Copy exactly, and only, the lines between the start of the entries below and the line containing "Product images of", both inclusive. Omit pictures.

SUPPLIED INFORMATION.
+-------+

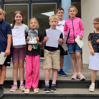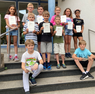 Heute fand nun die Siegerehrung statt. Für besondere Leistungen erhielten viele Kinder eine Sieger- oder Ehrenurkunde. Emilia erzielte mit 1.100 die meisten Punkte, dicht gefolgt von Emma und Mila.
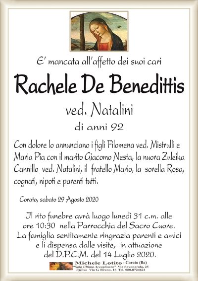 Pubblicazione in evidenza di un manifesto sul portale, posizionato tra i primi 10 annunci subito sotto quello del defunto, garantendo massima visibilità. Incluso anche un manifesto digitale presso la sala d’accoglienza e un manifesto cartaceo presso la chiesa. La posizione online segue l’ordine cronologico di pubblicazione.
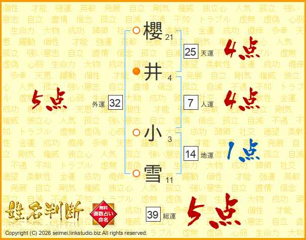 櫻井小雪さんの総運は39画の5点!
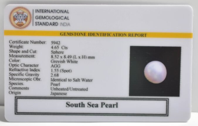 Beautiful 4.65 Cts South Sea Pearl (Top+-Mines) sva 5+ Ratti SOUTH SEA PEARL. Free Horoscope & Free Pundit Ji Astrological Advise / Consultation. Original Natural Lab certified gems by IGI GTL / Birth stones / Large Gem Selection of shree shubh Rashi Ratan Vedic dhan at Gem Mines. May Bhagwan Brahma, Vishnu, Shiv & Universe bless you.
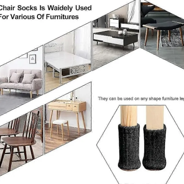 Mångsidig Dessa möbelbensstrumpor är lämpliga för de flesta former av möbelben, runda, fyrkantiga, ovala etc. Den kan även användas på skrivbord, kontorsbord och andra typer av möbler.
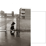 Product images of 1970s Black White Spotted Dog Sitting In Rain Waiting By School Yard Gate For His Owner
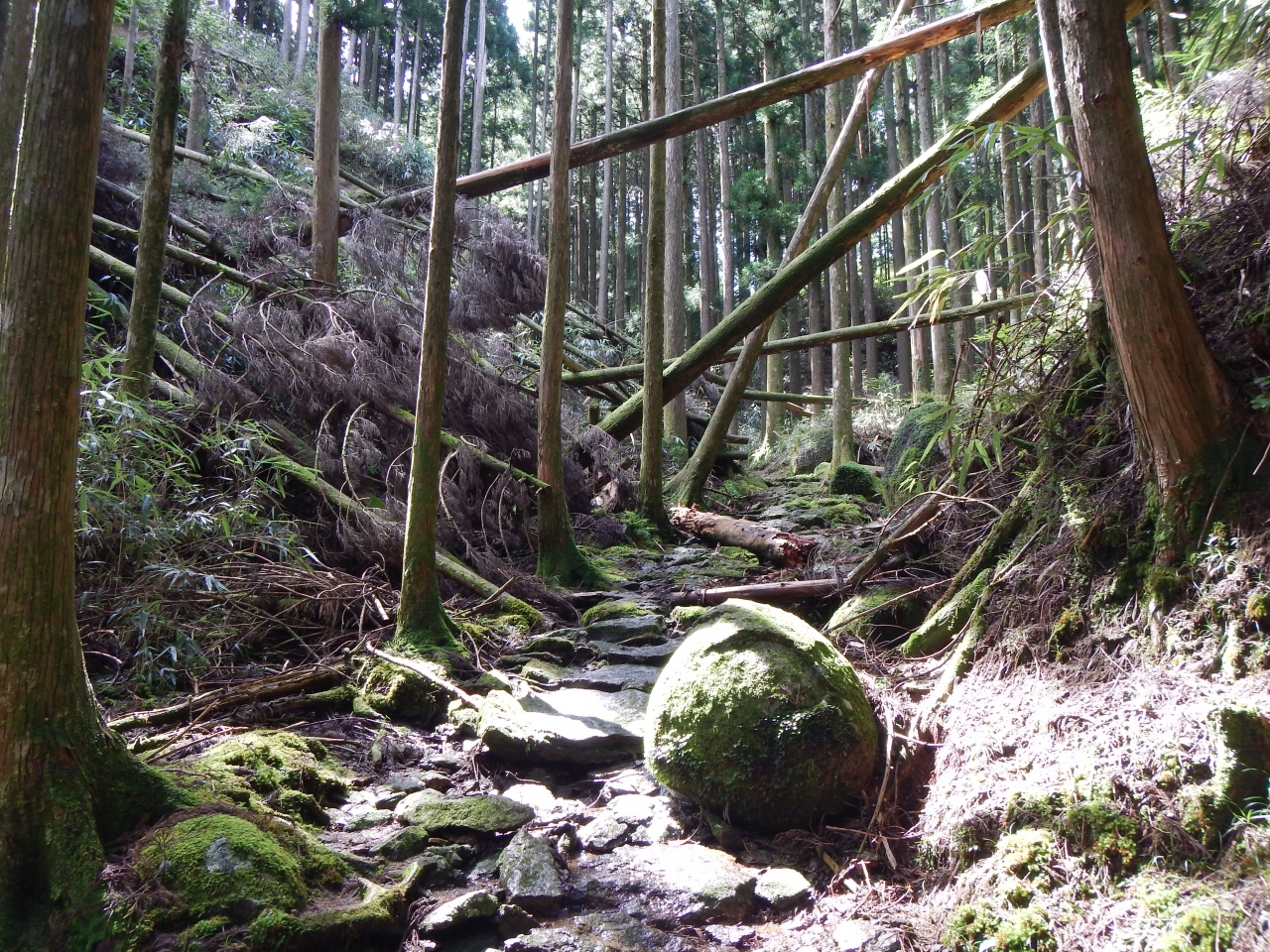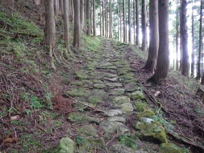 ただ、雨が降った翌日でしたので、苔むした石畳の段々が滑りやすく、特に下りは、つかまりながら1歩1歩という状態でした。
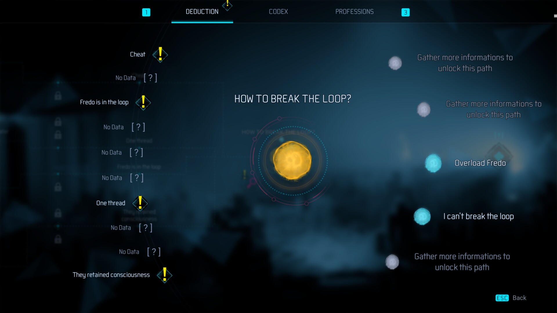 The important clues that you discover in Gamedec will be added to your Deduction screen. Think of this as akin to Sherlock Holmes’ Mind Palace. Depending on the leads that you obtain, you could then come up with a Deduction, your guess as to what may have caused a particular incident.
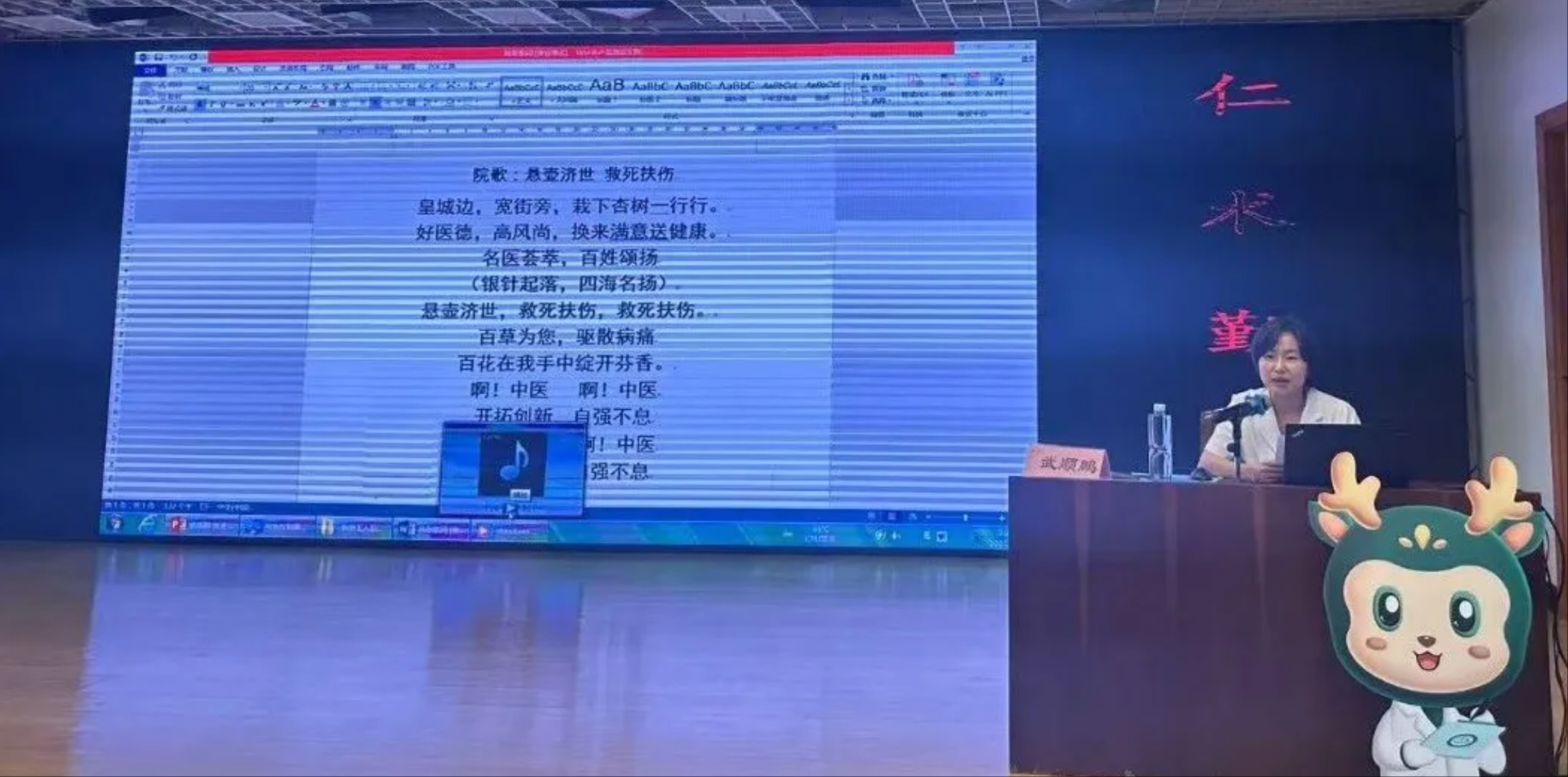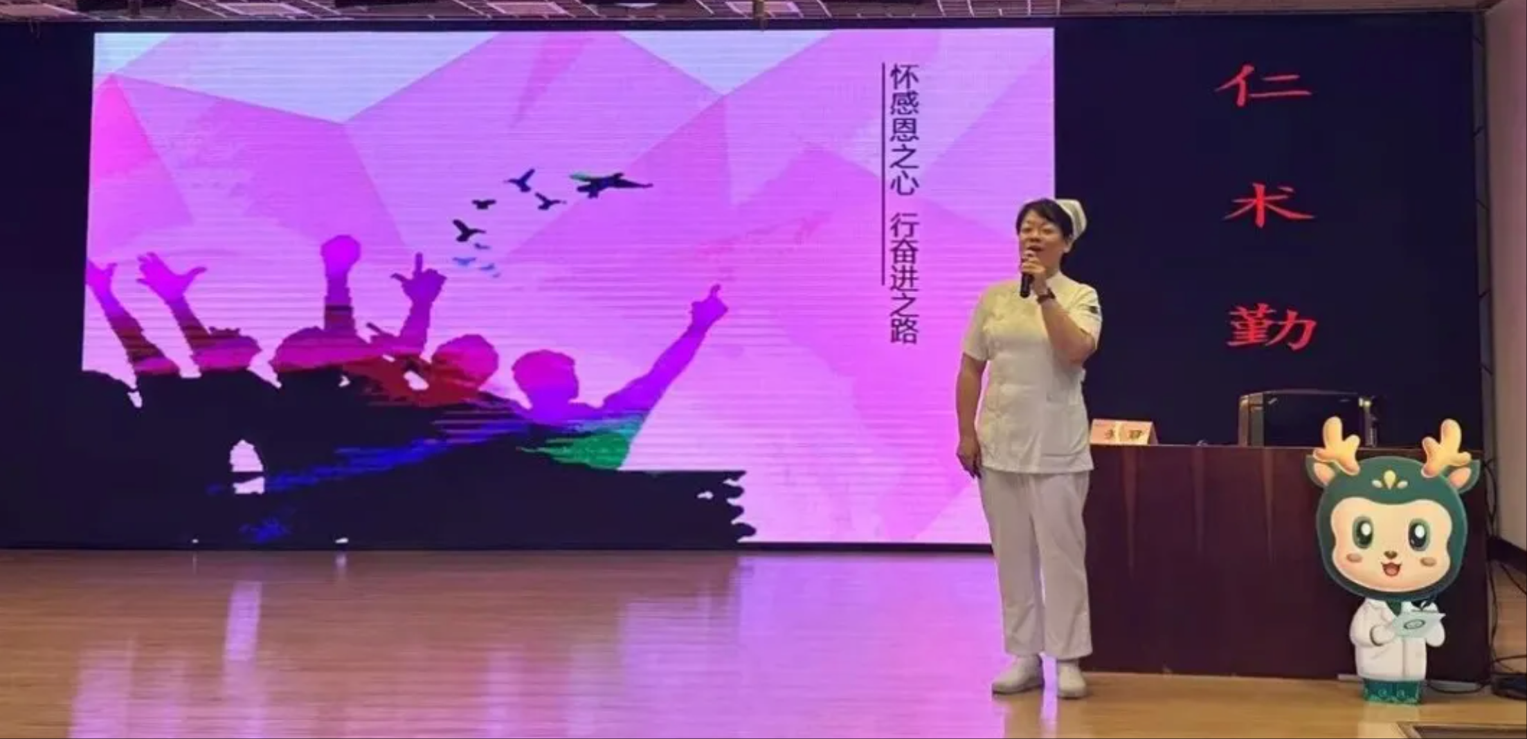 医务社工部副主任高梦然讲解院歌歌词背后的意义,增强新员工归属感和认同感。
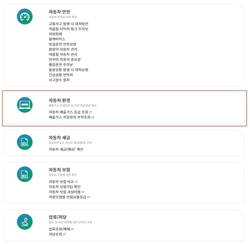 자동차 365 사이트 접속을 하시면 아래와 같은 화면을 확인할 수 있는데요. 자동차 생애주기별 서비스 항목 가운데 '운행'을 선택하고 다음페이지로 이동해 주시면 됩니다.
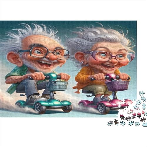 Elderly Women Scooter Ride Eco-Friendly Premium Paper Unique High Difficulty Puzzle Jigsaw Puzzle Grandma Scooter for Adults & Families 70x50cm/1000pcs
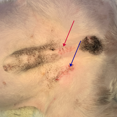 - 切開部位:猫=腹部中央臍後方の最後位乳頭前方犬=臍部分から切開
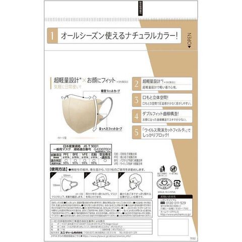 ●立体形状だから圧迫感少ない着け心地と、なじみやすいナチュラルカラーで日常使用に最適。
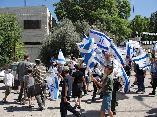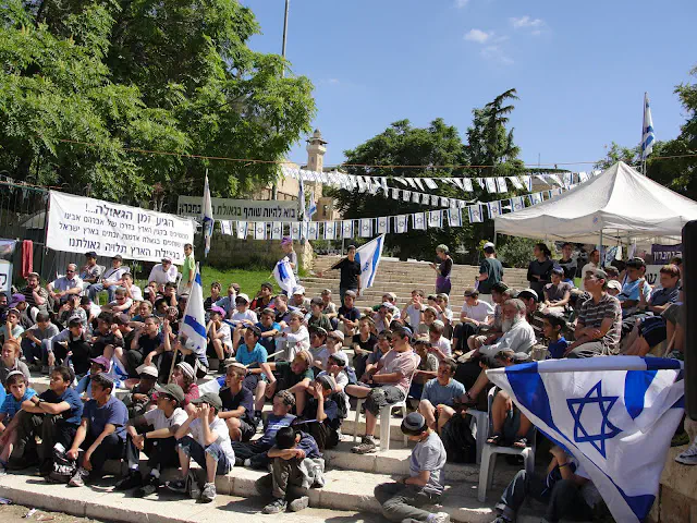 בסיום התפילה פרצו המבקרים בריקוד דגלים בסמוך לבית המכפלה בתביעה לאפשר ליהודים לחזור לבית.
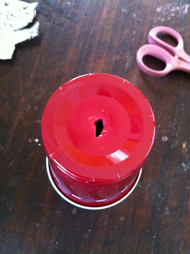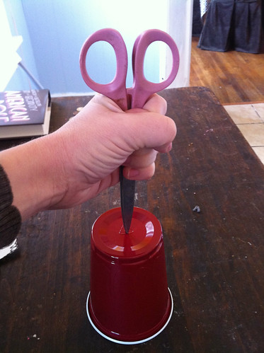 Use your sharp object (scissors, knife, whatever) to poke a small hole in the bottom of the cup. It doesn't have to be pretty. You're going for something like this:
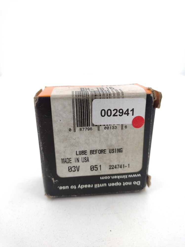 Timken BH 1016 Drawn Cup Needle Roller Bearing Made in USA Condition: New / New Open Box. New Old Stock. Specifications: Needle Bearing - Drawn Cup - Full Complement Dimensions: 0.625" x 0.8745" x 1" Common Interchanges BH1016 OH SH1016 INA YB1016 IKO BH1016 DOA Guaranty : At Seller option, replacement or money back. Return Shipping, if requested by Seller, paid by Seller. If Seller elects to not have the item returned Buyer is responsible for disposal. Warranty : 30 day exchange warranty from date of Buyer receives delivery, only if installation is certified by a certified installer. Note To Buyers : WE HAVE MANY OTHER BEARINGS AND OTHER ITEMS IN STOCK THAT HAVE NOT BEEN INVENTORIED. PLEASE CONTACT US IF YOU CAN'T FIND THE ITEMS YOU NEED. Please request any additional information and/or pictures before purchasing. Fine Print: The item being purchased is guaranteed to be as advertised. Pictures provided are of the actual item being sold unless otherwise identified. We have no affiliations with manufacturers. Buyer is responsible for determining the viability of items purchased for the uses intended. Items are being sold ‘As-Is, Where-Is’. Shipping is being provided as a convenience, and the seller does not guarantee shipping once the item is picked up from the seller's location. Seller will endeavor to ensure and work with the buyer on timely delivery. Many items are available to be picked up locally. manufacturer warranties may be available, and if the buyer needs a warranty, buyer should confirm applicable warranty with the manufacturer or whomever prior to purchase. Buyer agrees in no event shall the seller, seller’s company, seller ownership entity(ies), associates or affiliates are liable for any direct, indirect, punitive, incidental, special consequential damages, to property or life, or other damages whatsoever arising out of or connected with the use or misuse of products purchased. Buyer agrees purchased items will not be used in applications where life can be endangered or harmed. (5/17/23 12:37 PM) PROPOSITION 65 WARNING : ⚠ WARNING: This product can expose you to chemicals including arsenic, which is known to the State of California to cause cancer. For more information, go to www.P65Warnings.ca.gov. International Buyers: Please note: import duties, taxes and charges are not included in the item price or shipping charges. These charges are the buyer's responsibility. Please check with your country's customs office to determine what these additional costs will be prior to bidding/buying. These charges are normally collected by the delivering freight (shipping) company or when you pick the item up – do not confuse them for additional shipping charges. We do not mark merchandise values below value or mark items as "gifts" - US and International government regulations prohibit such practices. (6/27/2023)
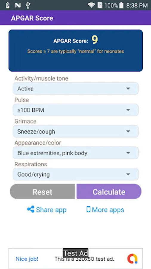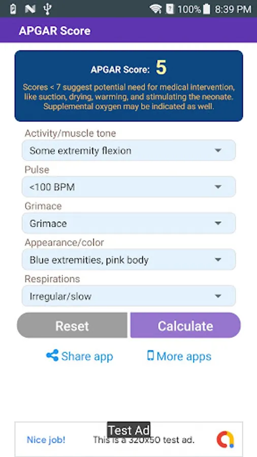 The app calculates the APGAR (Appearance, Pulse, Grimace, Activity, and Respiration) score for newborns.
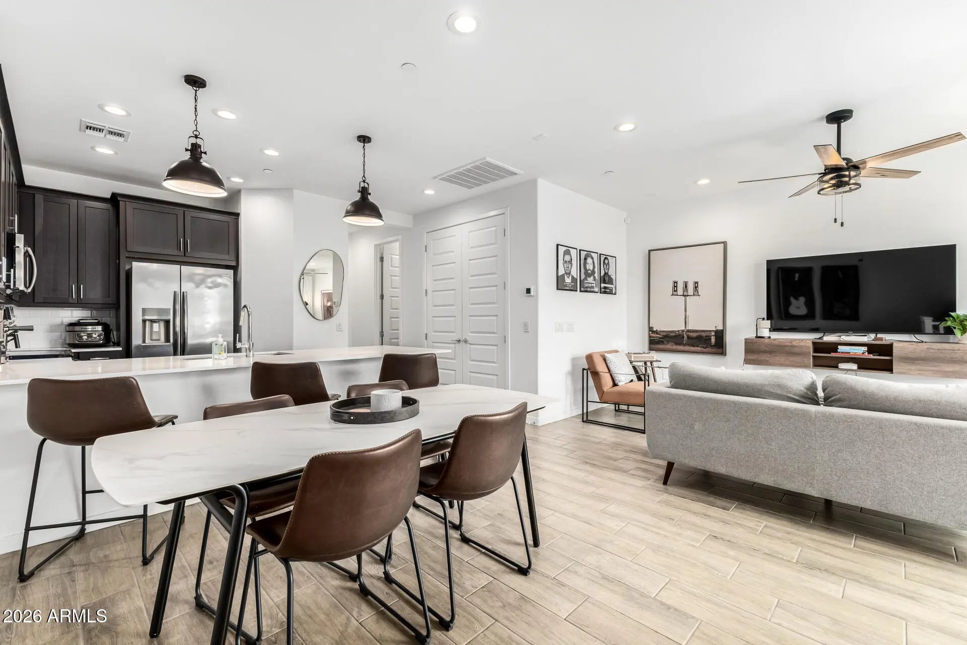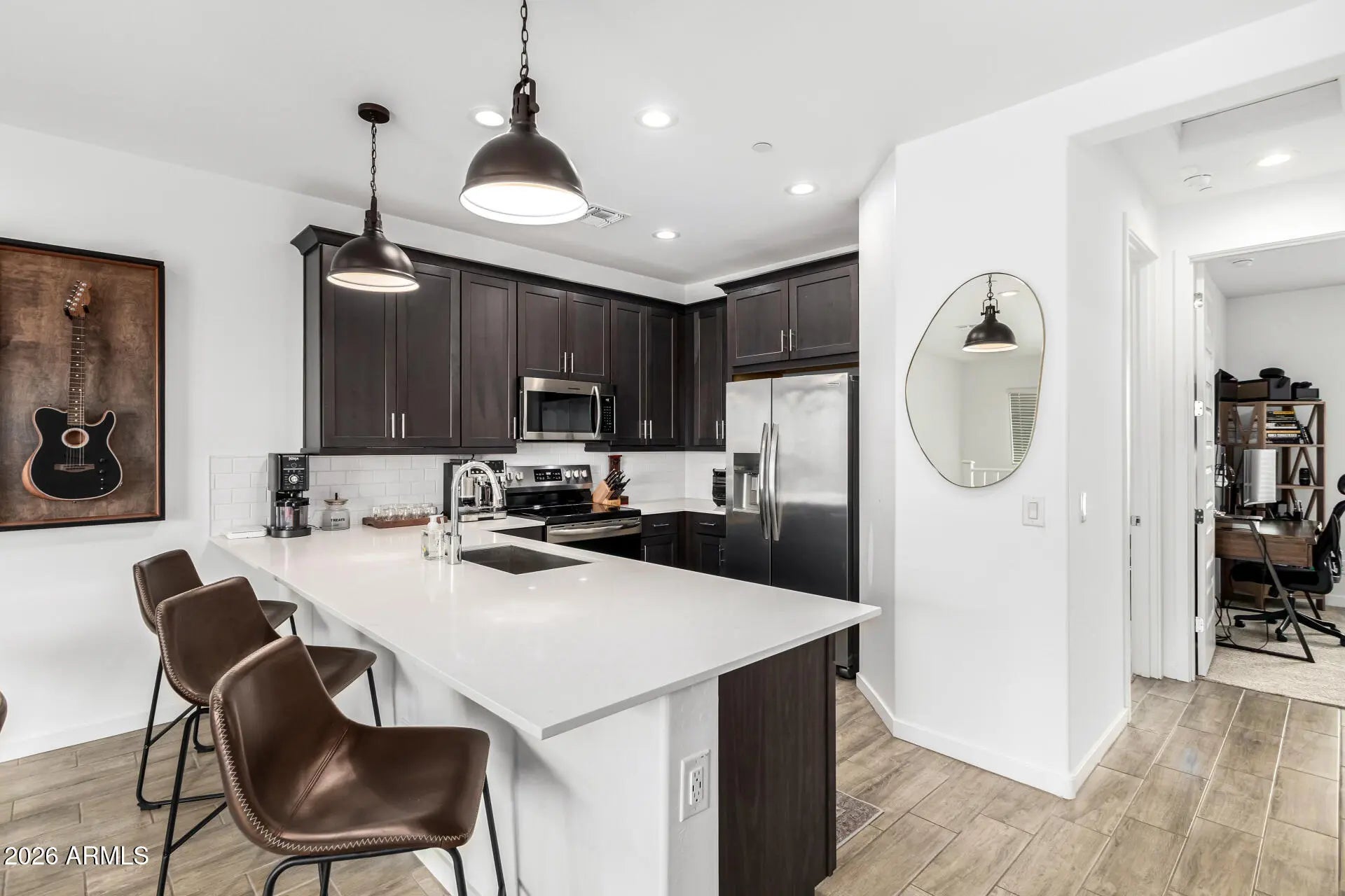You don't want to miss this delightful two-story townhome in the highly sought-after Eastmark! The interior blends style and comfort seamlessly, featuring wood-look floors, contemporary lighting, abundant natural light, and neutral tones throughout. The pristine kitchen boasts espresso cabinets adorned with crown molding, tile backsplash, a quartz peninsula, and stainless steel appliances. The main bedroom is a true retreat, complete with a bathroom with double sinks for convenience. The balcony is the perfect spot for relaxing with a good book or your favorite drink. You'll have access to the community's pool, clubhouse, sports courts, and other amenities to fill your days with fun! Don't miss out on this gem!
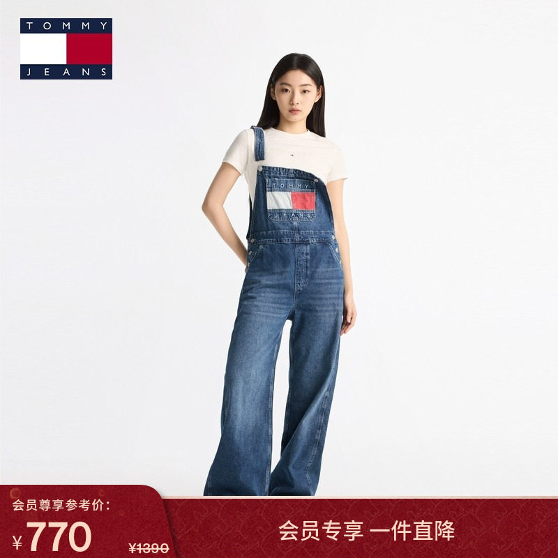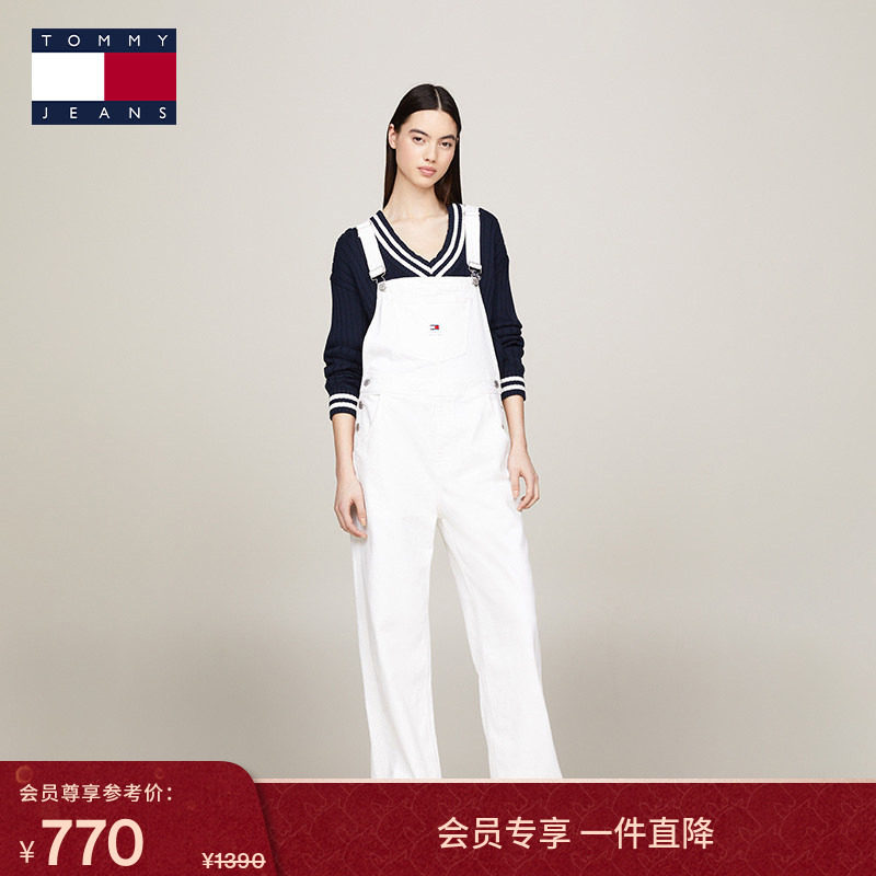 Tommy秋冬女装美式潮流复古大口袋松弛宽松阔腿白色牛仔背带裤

+-------+

WRITTEN RESPONSE.
 Heute fand nun die Siegerehrung statt. Für besondere Leistungen erhielten viele Kinder eine Sieger- oder Ehrenurkunde. Emilia erzielte mit 1.100 die meisten Punkte, dicht gefolgt von Emma und Mila.
 Pubblicazione in evidenza di un manifesto sul portale, posizionato tra i primi 10 annunci subito sotto quello del defunto, garantendo massima visibilità. Incluso anche un manifesto digitale presso la sala d’accoglienza e un manifesto cartaceo presso la chiesa. La posizione online segue l’ordine cronologico di pubblicazione.
 櫻井小雪さんの総運は39画の5点!
 Beautiful 4.65 Cts South Sea Pearl (Top+-Mines) sva 5+ Ratti SOUTH SEA PEARL. Free Horoscope & Free Pundit Ji Astrological Advise / Consultation. Original Natural Lab certified gems by IGI GTL / Birth stones / Large Gem Selection of shree shubh Rashi Ratan Vedic dhan at Gem Mines. May Bhagwan Brahma, Vishnu, Shiv & Universe bless you.
 Mångsidig Dessa möbelbensstrumpor är lämpliga för de flesta former av möbelben, runda, fyrkantiga, ovala etc. Den kan även användas på skrivbord, kontorsbord och andra typer av möbler.
 Product images of 1970s Black White Spotted Dog Sitting In Rain Waiting By School Yard Gate For His Owner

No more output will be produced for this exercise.